## What is expected
Each line of the listing below must be retyped exactly, with images left out.

## Material provided
Start of Block

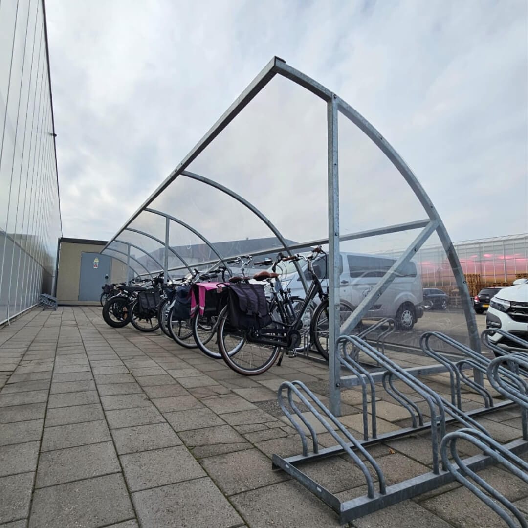 Duurzame fiets overkapping van verzinkt staal met helder dak. Bescherm fietsen tegen weer en wind op elke locatie.
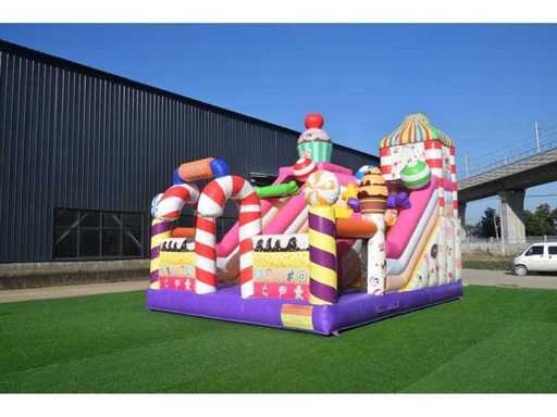 De springkussen wordt nieuw in verpakking geleverd, wordt compleet geleverd inclusief bijpassende blower, uniek en kleurrijk snoep thema, opvallend design dat direct aandacht trekt, grote glijbaan voor extra speelplezier, geschikt voor meerdere kinderen tegelijk, echte blikvanger op elk feest, inclusief CE en EN14960 keuring, wordt op pallet geleverd
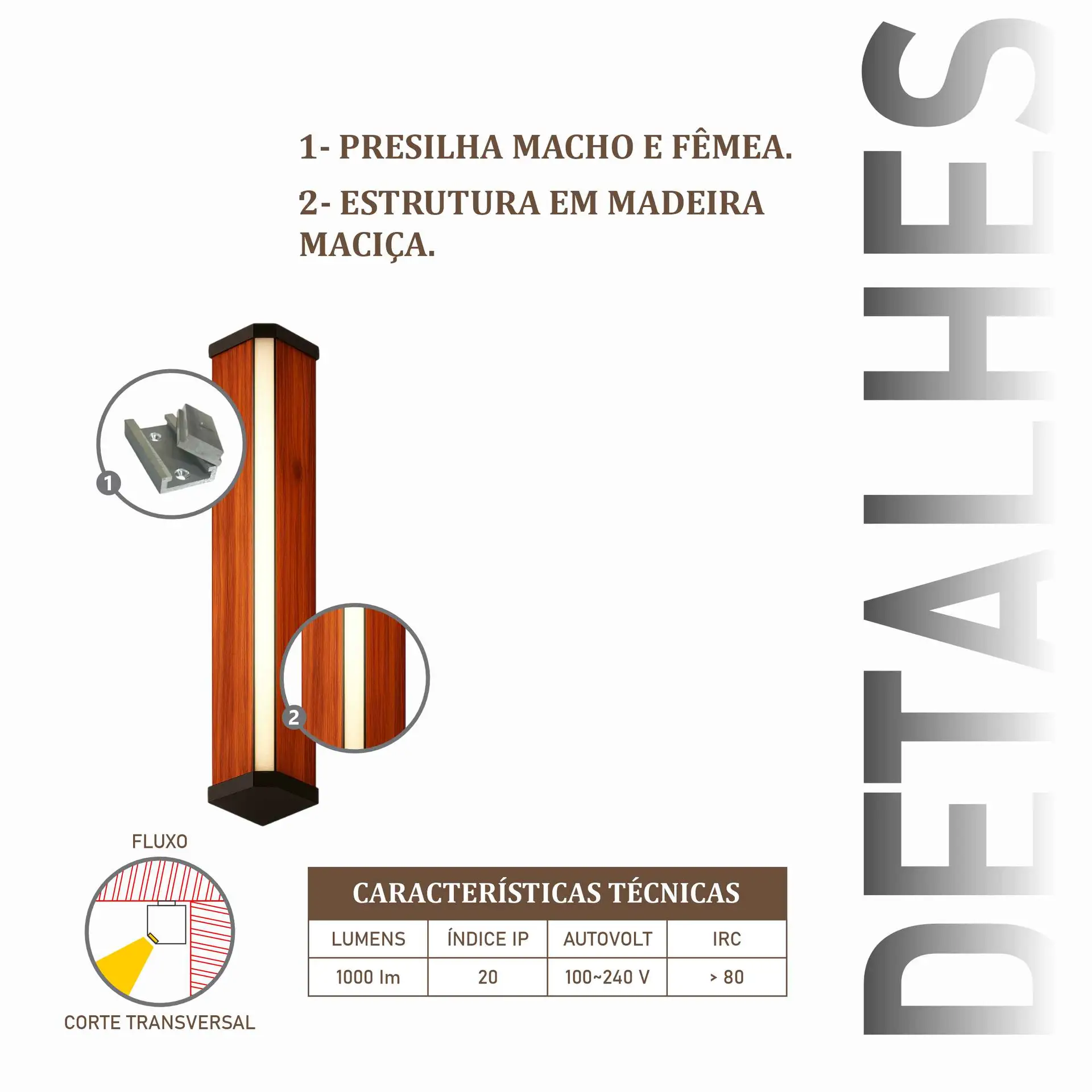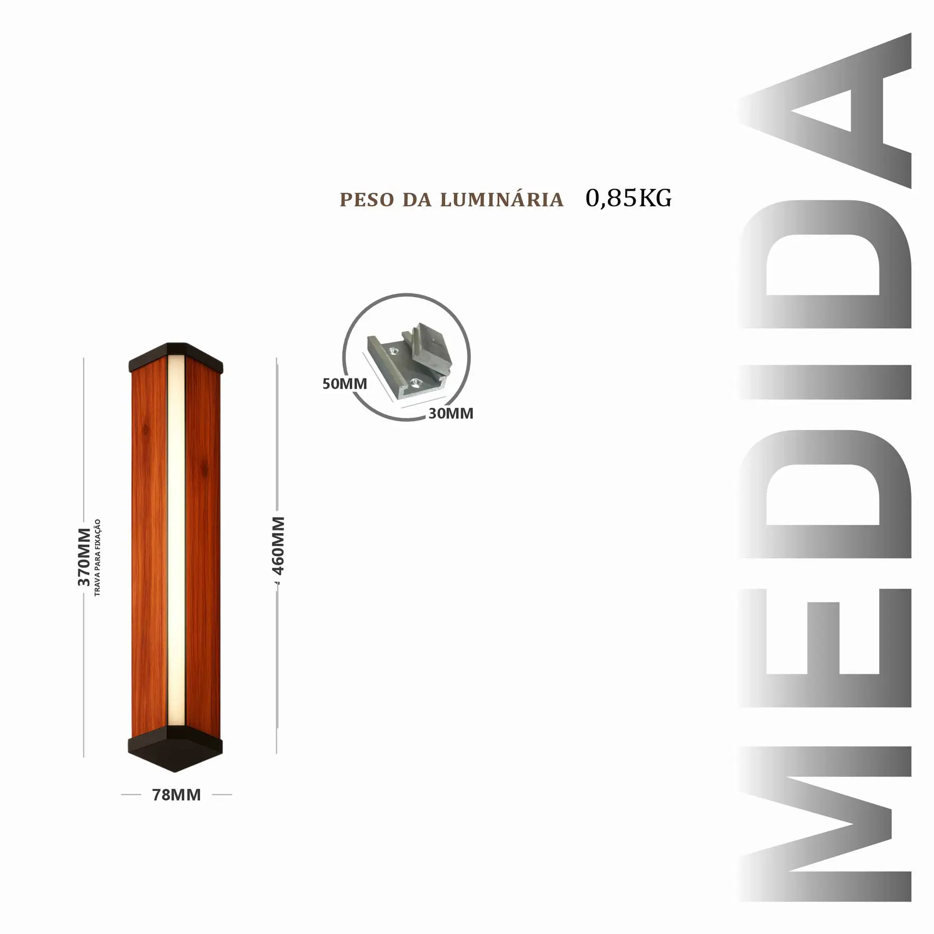 Arandela em madeira maciça de demolição. Produto com 1 perfil de LED em 45ª , com driver embutido de 9w. Design contemporâneo para diversos ambientes.

End of Block

## Finished exercise
 Duurzame fiets overkapping van verzinkt staal met helder dak. Bescherm fietsen tegen weer en wind op elke locatie.
 De springkussen wordt nieuw in verpakking geleverd, wordt compleet geleverd inclusief bijpassende blower, uniek en kleurrijk snoep thema, opvallend design dat direct aandacht trekt, grote glijbaan voor extra speelplezier, geschikt voor meerdere kinderen tegelijk, echte blikvanger op elk feest, inclusief CE en EN14960 keuring, wordt op pallet geleverd
 Arandela em madeira maciça de demolição. Produto com 1 perfil de LED em 45ª , com driver embutido de 9w. Design contemporâneo para diversos ambientes.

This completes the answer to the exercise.